ADRs associated with an ACEi showed similar results to ADRs to either an ACEi or ARB (online suppl. Fig. 1a, b). Among ADRs related to ACEis, angioedema, hyperkalemia, peripheral edema, and AKI were associated with higher odds of drug discontinuation (online suppl. Fig. 2). ADRs associated with an ARB were most commonly due to cough, general symptoms, allergic reactions, gastrointestinal symptoms, or angioedema (online suppl. Fig. 3a). A higher proportion of patients in the current user group had an ADR related to cough, general symptoms, gastrointestinal symptoms, and cardiovascular symptoms (online suppl. Fig. 3b). Among ADRs related to ARBs, angioedema and hyperkalemia were associated with higher odds of treatment discontinuation (online suppl. Fig. 4).

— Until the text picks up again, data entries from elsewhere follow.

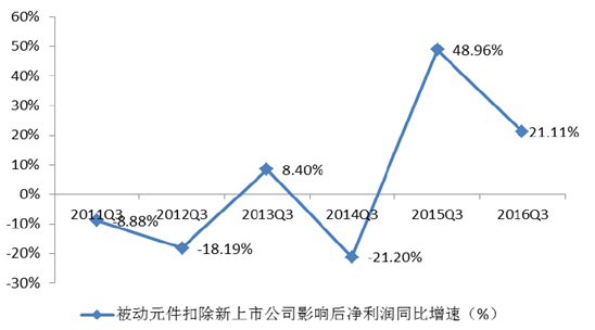 被動元件子類整體扣除新上市公司影響后行業整體凈利潤增速
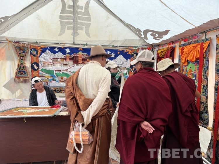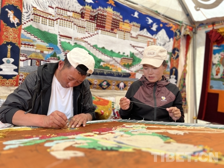 一針一線一幅畫,一時(shí)一日一春秋。在潔白的帳篷里,不時(shí)有游客進(jìn)出,欣賞著夫妻二人所制作的白度母珍珠唐卡、布達(dá)拉宮堆繡唐卡、“四講四愛”刺繡唐卡等精美作品。土旦旦增與次旦卓瑪手下不僅僅是飛針走線,更是“繡出”他們的美好生活。(中國西藏網(wǎng) 記者/德吉卓瑪)
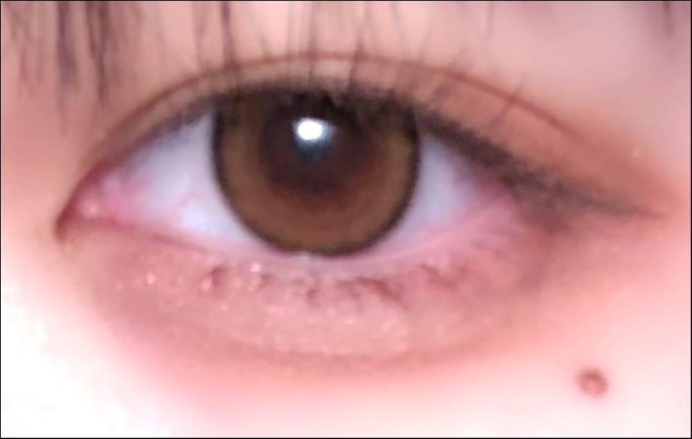 瞳はこげ茶で、思ったよりもオレンジ味が発色したので、自然光で撮った写真ですが化粧をすれば馴染んで可愛いです。
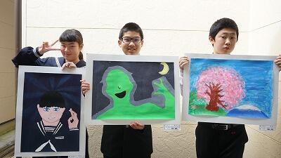 これは銀鏡の桜を描いたのでしょうか。中学1年生が美術の時間に仕上げた作品です。それぞれの個性が表れていて面白いですね!
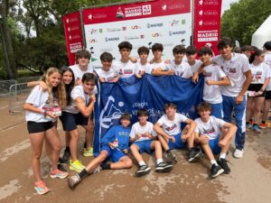 Un representación de 50 atletas han corrido los 4,2km de la MiniMaratón Madrid-Nebrija en el Parque del Buen Retiro. Ha sido una mañana para disfrutar de la actividad física, rodeados de participantes de colegios de todo Madrid. El resultado era lo de menos, pero felicitar a Izan Cañibano por un tercer puesto y a Iara Cañibano por un segundo puesto en sus categorías. Y un increíble primer puesto por equipos en la categoría Infantil Femenina.
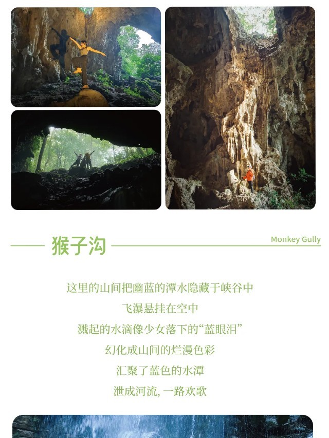 早餐后前往探访深藏于龙里山谷的猴子沟。徒步始于幽静古道,沿着湛蓝如染的河谷行进,水声潺潺相伴。双龙瀑布跃然眼前,双瀑并流,气势清灵。而此行的点睛之笔,是那一潭被誉为“蓝眼泪” 的瑶池秘境——矿物质将池水染成梦幻的蒂芙尼蓝,清澈见底,美得不似人间。
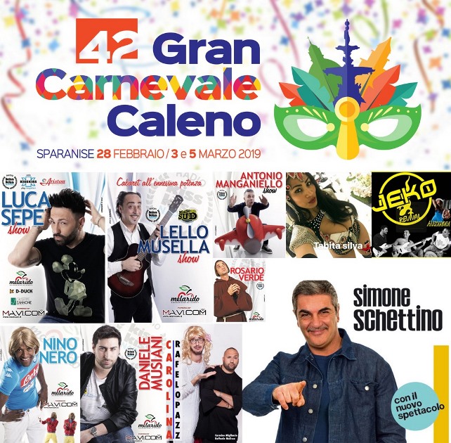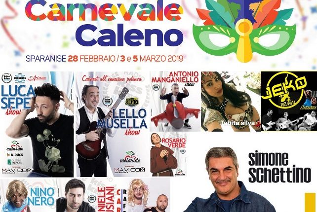 SPARANISE ‐ Come da tradizione, anche quest’anno Sparanise festeggerà il suo Gran Carnevale Caleno. L’edizione 2019, la 42esima, è organizzata direttamente dal Comune di Sparanise è risultata vincitrice del bando della Regione Campania come evento a rilevanza turistica regionale POC 2014‐2020. Come da tradizione, si svolgerà secondo lo schema consolidato delle tre giornate dedicate alla sfilata dei carri allegorici di giovedì 28 febbraio, domenica 3 e martedì 5 marzo. Ecco nello specifico tutto il programma.
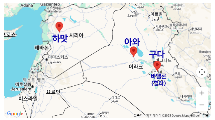 “앗수르 왕이 바벨론과 구다와 아와와 하맛과 스발와임에서 사람을 옮겨다가 이스라엘 자손을 대신하여 사마리아 여러 성읍에 두매 그들이 사마리아를 차지하고 그 여러 성읍에 거주하니라.” (24)

ADR types were also evaluated across subgroups by CKD stage and diabetes mellitus status. More advanced stages of CKD were associated with lower rates of ADRs for cough, angioedema, and general symptoms but higher rates of ADRs for hyperkalemia, AKI, hypotension, and unspecified reasons (Fig. 5a; online suppl. Table 4). Individuals with diabetes mellitus were less likely to have an ADR related to cough, angioedema, or allergic reaction and more likely to have an ADR for hyperkalemia or hypotension (Fig. 5b; online suppl. Table 5). There was no difference in documented ADRs for AKI based on diabetes status.

Fig. 5.

Proportion of documented ADRs by CKD stage (a) and diabetes status (b). These data are also displayed in online supplementary Tables 4 and 5. *p < 0.05 for the comparison. ACEi, angiotensin-converting enzyme inhibitor; ADR, adverse drug reaction; ARB, angiotensin receptor blocker; CKD, chronic kidney disease.

Fig. 5.

Proportion of documented ADRs by CKD stage (a) and diabetes status (b). These data are also displayed in online supplementary Tables 4 and 5. *p < 0.05 for the comparison. ACEi, angiotensin-converting enzyme inhibitor; ADR, adverse drug reaction; ARB, angiotensin receptor blocker; CKD, chronic kidney disease.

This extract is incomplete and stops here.